顾沉舟看著安然无恙的儿子,鬆了口气,但隨即沉下脸,语气带著严厉:“顾安安,你知道你这样做有多危险吗?谁允许你一个人乱跑的。
安安低下头,乖乖认错:“爸爸,我知道错了,以后不会了。”
他的乖巧认错让顾沉舟后续的责备卡在了喉咙里。
阮可紧紧抱著儿子,像是抱著失而復得的珍宝,
但当她確认安安真的安然无恙后,一种被羞辱和难堪的情绪涌上心头。
她看向站在门內神色平静的云锦,语气带著压抑不住的激动和质问:
“云小姐,我很感谢你收留安安,但是你能解释一下,为什么安安会出现在你家吗?他一个五岁的孩子,怎么会这么巧就跑到你家门口?”
这话里的暗示再明显不过,她怀疑是云锦故意把安安带到这里来的。
现场的气氛瞬间凝滯。
傅子穆不赞同地皱了皱眉,陆詡则是一脸又来了的表情。
顾沉舟的脸色也更加难看,阮可现在这样质问,只会让场面更加难堪。
“没什么特別的,晚上出门散步,在路边捡到的。”
“捡到的?可明显不信,她情绪激动道:“这么巧就在你家附近捡到?云小姐,我知道你討厌我,但是请你不要拿我的孩子来开玩笑好吗?”
云锦蹙起眉头,刚想说点什么,顾安安却突然开口,“妈妈,不怪姐姐,是我自己跑到这边来的。
阮可愣了一下,隨即摇头,语气依然带著怀疑:”你自己跑来的?安安,你什么时候认识来这边的路了?”
顾安安从口袋里掏出那张被攥得有些皱的纸条,认真地解释:“我不认识路,但我有这个地址,是我在爸爸手机里找到的。”
他顿了顿,在眾人惊讶的目光中继续说明:“我用爸爸的手机,在聊天的地方搜索了云锦这个名字,然后就看到了这个地址,就记下来了,我是打车过来的,司机叔叔把我放在门口,我自己就迷路了。”
傅子穆闻言,推了推眼镜,语气带著几分无奈和瞭然:“我想起来了,之前砚深说要来找云锦,问我地址,我確实在群里发过一次。”
这个解释让所有真相大白,阮可脸涨的通红,不敢再看云锦。
云锦嘆了口气,真的不想和这些人过多的纠缠。
“行了,既然孩子给你们了,我要关门休息了。”
“等等。”顾沉舟抵住云锦要关上门,“今天谢谢你,还有奶奶她挺想你的,一直念叨著你,你什么时候有空,再去看看她?”
“道谢就不用了,我只是做了任何人都会做的事。至於顾奶奶”她顿了顿,“有空我自然会去看她的。”
云锦对上顾安安的眼神,有些心软道:“顾沉舟,你有你的家庭,有你的妻子和孩子。

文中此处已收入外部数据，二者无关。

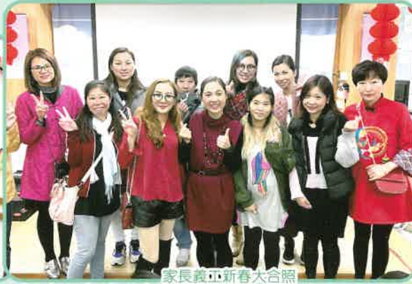
家長義工新春大合照
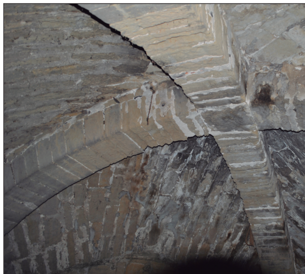
FIGURA 8. Volta del tram sud del transsepte de Sant Ruf de Lleida (segles XII-XIII) (Fotografia: Albert Motis).
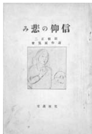
図33 『信仰の悲み 関根正二遺作展目録』 右 表紙 左 出品目録
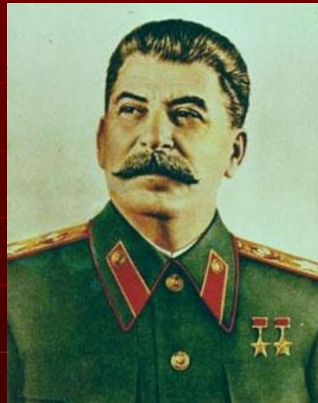
И. В. Сталин
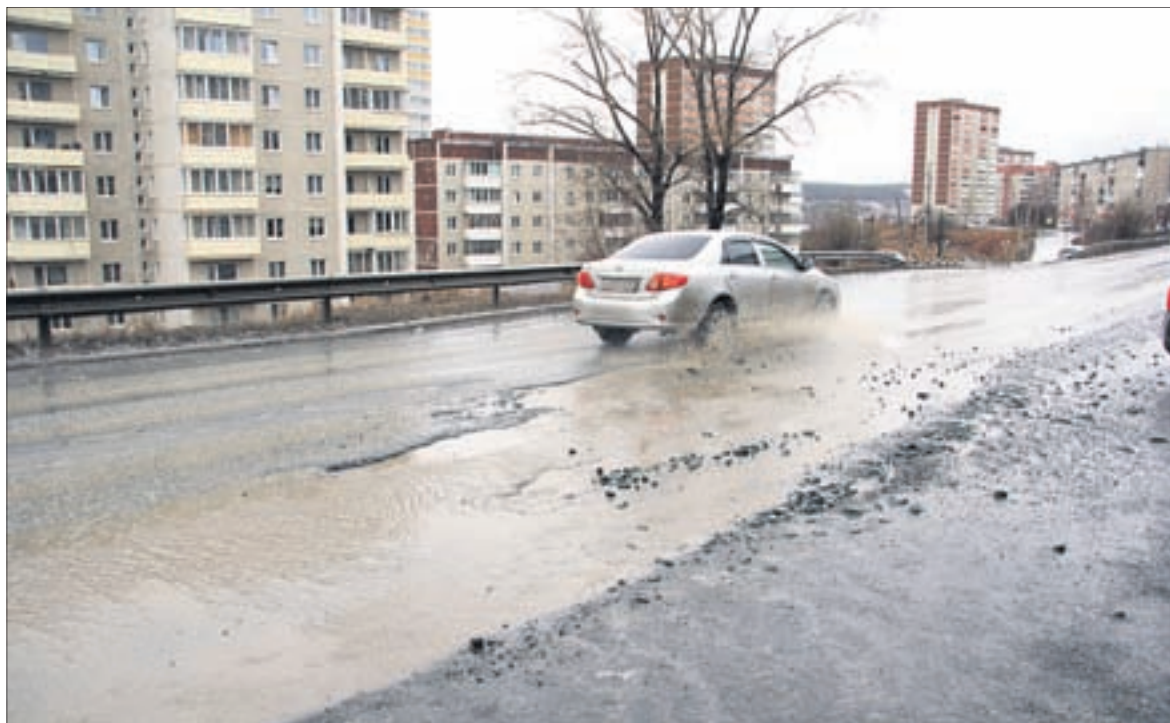
Улицу Емлина обещают подлатать в этом году. Где именно — пока точной информации нет.
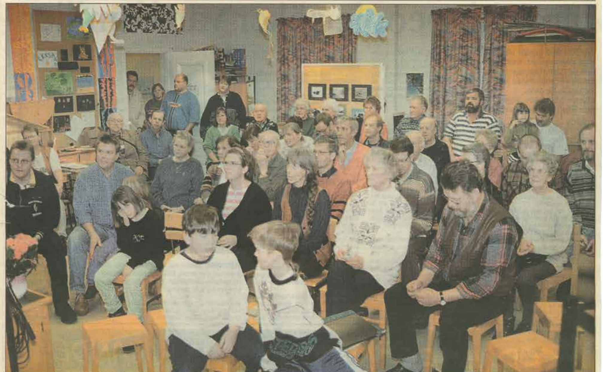
FULLSPIKAT. Skolan först, bygdegården sedan. Det är den turordning bygdeföreningen tänker arbeta efter. Samtidigt ligger flera aktuella projekt och väntar, projekt som kan bli verklighet mycket snabbt och med enkla medel.
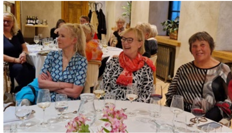
Allir skemmtu sér konunglega.
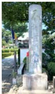
かいだんせき 戒壇石(山門前)
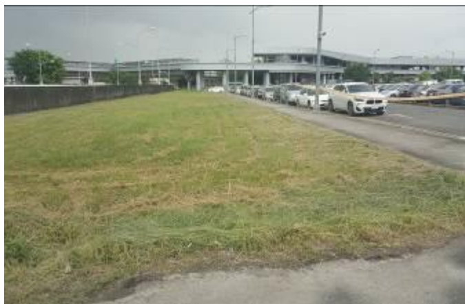
A區綠帶修剪、除草及環境整理
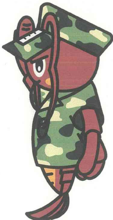
●モデルキャラクター（側面図）
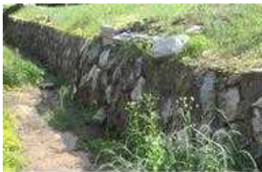
용미2묘지 석축배수로 파손
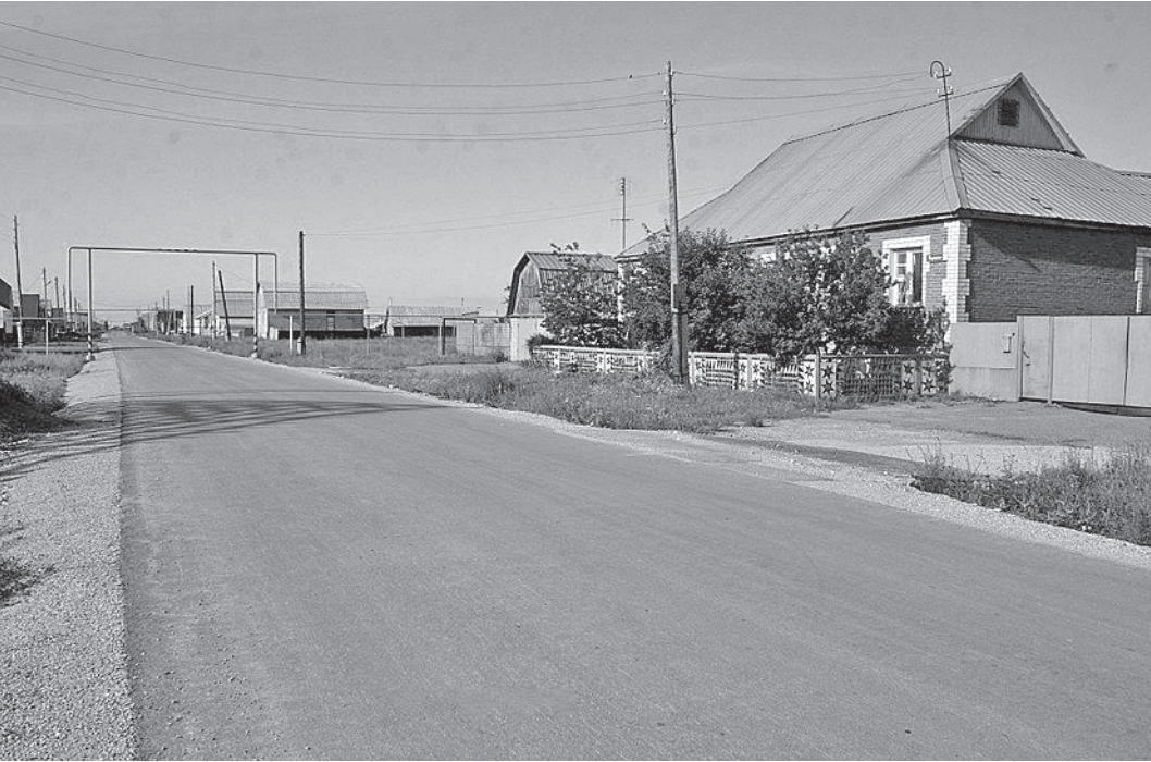
Приход крупных инвесторов на новые территории способен улучшить положение в глубинке. Особенно речь идет о транспортной инфраструктуре, новых дорогах.

Например, в Калужской области с нуля был построен автомобильностроительный кластер. И сейчас на территории региона действует уже более 30 автомобильных и смежных производств. Но наличие таких примеров скорее подтверждает правило: необходимо раз-
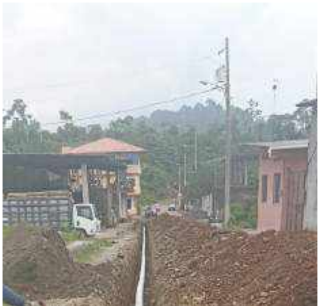
2 JUNIO – 2022. EXCAVACIÓN POR EXTENSION DE TUBERIA DE ALCANTARILLADO SANITARIO, CALLE RUMIÑAHUI ENTRE MATEO MAQUISACA Y RICARDO ESPINOZA
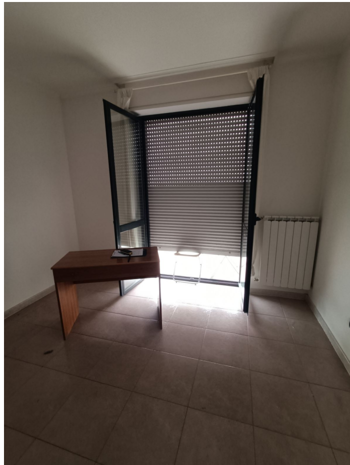
Immobile sito in Pescara alla Via di Sotto n.3/2, ai Piani quarto e quinto, Scala B, Palazzina B distinto al Foglio n.18 Particella n.2874 Sub. n.140. Piano quarto.
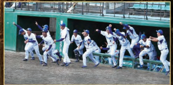
スポーツフラッシュ:10P 硬式野球部、あと1歩で全国大会へ!
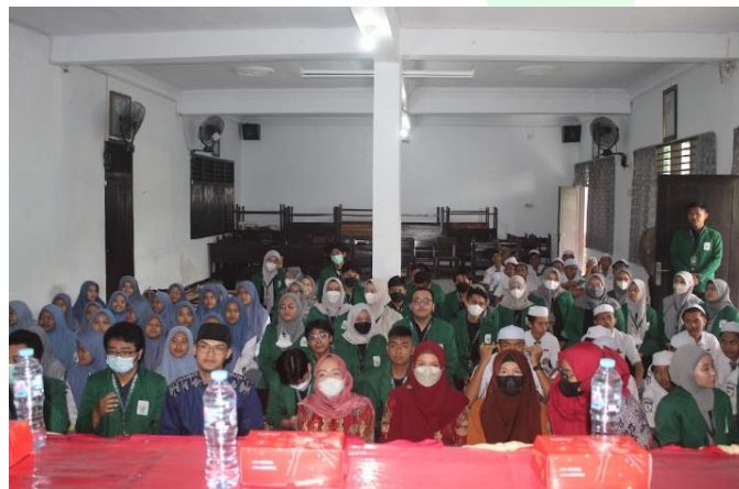
Gambar 1. Penyuluhan tentang Pengelolaan Sampah Plastik di PP. Zainul Hasan Genggong Probolinggo
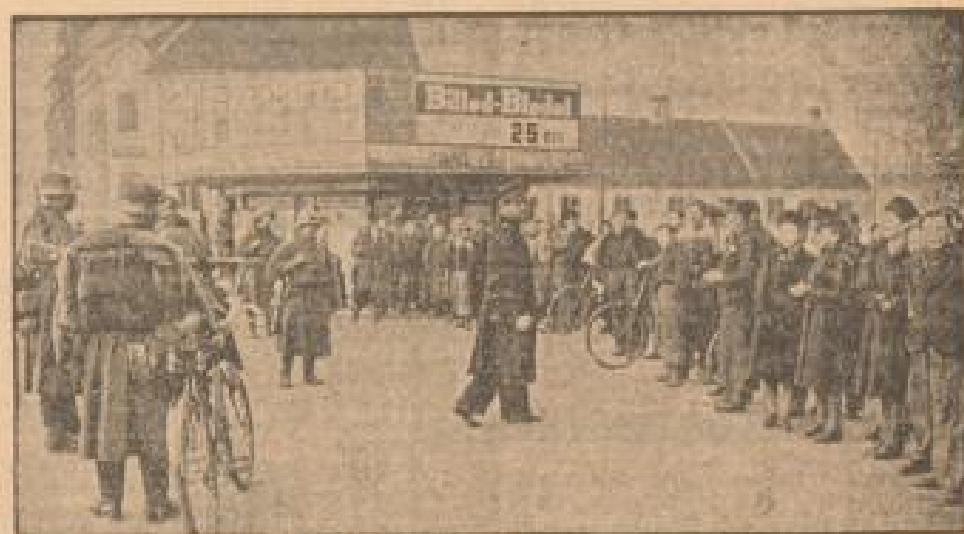
Deutsche Soldaten nach dem Einrücken in eine Straße in Kopenhagen

Unter Bild zeigt deutsche Soldaten unmittelbar nach der Besetzung innerhalb der Zitadelle. (Ebel, Bildbeleg, Jander-Platz-2)

与其在这里说这些无关紧要的话,
不如好好对待他们,承担起你该承担的责任,这才是你现在最应该做的事。”
顾沉舟手一顿,阮可眼神复杂地看向云锦。
她是在替她说话吗?
“云锦,等一下”周砚深不死心地开口,他似乎还想说些什么。 但云锦已经彻底失去了耐心,坚定而迅速地將门关上。
云锦关上门呼出一口气,拍了拍手,“总算把麻烦送走了。”
糰子跑过来蹭了蹭云锦的腿,“小锦,你现在已经完全不和顾沉舟几人联繫了,那任务三要怎么办。”
云锦弯腰將糰子抱进怀里,“反正还有半个月我们才回国,先走一步看一步吧。”
而门外的几人因为一辆车坐不下,他们只好等著司机来接。
几人沉默地站在路口,夜晚的凉风也吹不散那份尷尬。
阮可看著顾沉舟紧绷的侧脸,想到他刚才对云锦说的那些话,尤其是邀请云锦去看顾奶奶,一股酸涩和委屈衝垮了她的理智。
她忍不住开口,“沉舟,你刚才为什么要叫云锦去看奶奶?”
顾沉舟听到阮可的质问,更是烦躁,他不耐烦地回道:“云锦和奶奶本来就亲近,奶奶想她了,让她去看看有什么不对?你能不能別总是想太多?”
“从那天晚宴后,你就变了,整天心不在焉,回家越来越晚,对我和安安也越来越没耐心!你把我当什么?”
“顾沉舟你是不是后悔了?”
阮可颤抖著问出这句话。
“阮可,你够了。”顾沉舟被她戳中心事,恼羞成怒地低吼,“当著孩子的面,你胡说八道什么!”
“当初你不是早就知道我有未婚妻吗?你不是口口声声说只要在一起就好,什么都不在乎吗?现在又在乎这些了?如果你这么介意,这么没有安全感,那你走就行了!”
“好好!顾沉舟,这是你说的。”她声音颤抖,却带著一种破釜沉舟的决绝,“我走,我带著安安走,不碍你的眼。”
说著,她一把拉起被嚇得呆住的安安,转身就要往马路对面走。
“妈妈。”安安被她拽得一个踉蹌,有些惊恐地哭喊起来,他再聪明毕竟也只是一个五岁孩子。
“阮可,你发什么疯。”顾沉舟也没想到她会直接要带孩子走,下意识地上前一步想要阻拦。
“够了,都冷静点。”傅子穆终於看不下去,一个箭步上前,拦在了阮可面前,
“阮可!別衝动!这么晚了,你要带著孩子去哪里?还有沉舟,你刚才说的那是什么混帐话!快道歉!”
陆詡在一旁看得直皱眉,顾沉舟这话也確实太过分了,他忍不住插嘴:“顾哥,这话確实过了啊。”
顾沉舟看著被阮可紧紧拽著手臂、嚇得小脸发白的安安,理智终於彻底回笼。
他意识到自己刚才被情绪冲昏头脑,说出了多么混帐的话。
他深吸一口气,压下心头的烦躁和懊悔,走上前,“阮可,刚才是我口不择言,对不起。我不该说那种话。”
他顿了顿,目光落在儿子身上,语气软化了些:“这么晚了,別闹了,先带孩子回家,安安嚇坏了。”
阮可停住脚步,背对著他,肩膀微微颤抖,没有回头,但也没有再执意离开。
傅子穆的话点醒了她,这么晚带著孩子能去哪里?她可以赌气,但不能拿孩子的安全开玩笑。